Del arzobispo Hebda:
Unida en oración con el papa Francisco y con los pastores y fieles de la Iglesia universal, la Arquidiócesis de Saint Paul y Minneapolis lamenta el fallecimiento del papa emérito Benedicto XVI, fiel servidor de Cristo y de su Iglesia.
Estaba en la Plaza de San Pedro la tarde en que el cardenal Joseph Ratzinger fue elegido sucesor de San Pedro, y recuerdo su sorpresa al ver que los cardenales reunidos en cónclave habían decidido elegir a un “humilde trabajador en la viña del Señor”. Ya había experimentado personalmente su excepcional amabilidad y admiraba desde hacía tiempo su intelecto de talla mundial, pero mi amor y respeto por él crecieron a medida que el mundo lo fue conociendo como un pastor humilde y desinteresado, con un don único para proclamar la verdad con amor. Fue solo mi confianza en su discernimiento lo que me llevó a decir “sí” cuando él me nombró en 2009 para servir como obispo diocesano. Siempre estaré agradecido por su magnanimidad y su ejemplo.

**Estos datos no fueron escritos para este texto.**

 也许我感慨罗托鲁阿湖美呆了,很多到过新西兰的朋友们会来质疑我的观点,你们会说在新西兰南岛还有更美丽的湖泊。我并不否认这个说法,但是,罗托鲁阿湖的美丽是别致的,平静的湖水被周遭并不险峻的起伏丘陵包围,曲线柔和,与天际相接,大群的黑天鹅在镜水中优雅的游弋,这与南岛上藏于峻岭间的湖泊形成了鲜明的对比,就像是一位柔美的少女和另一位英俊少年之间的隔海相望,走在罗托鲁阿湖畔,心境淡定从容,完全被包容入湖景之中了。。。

Les invito a unirse a mí en la oración para que el Señor acoja ahora con misericordia al Papa emérito en la mesa del banquete celestial. Este miércoles por la tarde, a las 5:30 p. m., se celebrará una misa en la Catedral de San Pablo por el descanso eterno de su alma y en acción de gracias por su ministerio petrino. Todos están invitados a acompañarnos en esta ocasión.

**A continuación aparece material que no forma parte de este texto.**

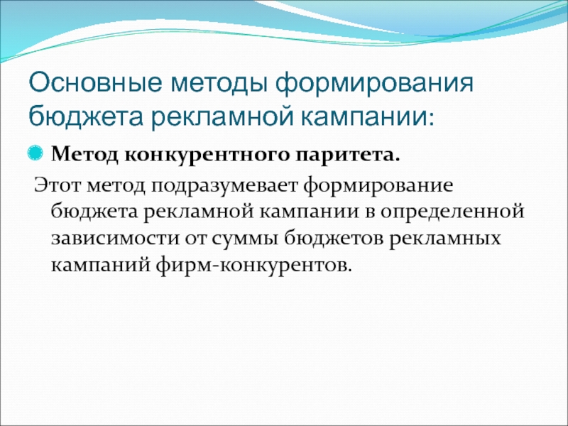 Слайд 60Основные методы формирования бюджета рекламной кампании:

Del obispo auxiliar Joseph A. Williams:
Me entristeció saber del fallecimiento de nuestro Santo Padre, Benedicto XVI, pero me regocijo por el regalo que su vida supuso para la Iglesia. Pocas cosas en este mundo me han proporcionado mayor alegría que meditar sobre sus escritos. Sin duda, experimentaba la alegría de haber encontrado la verdad cristiana expresada de manera tan clara y hermosa en nuestro mundo moderno, y sé que compartí esta alegría con innumerables creyentes en todo el mundo. Juntos tenemos una deuda de gratitud con Jesús por habernos regalado a este fiel “colaborador en la verdad”. Que ahora descanse de todas sus labores en la casa del Padre.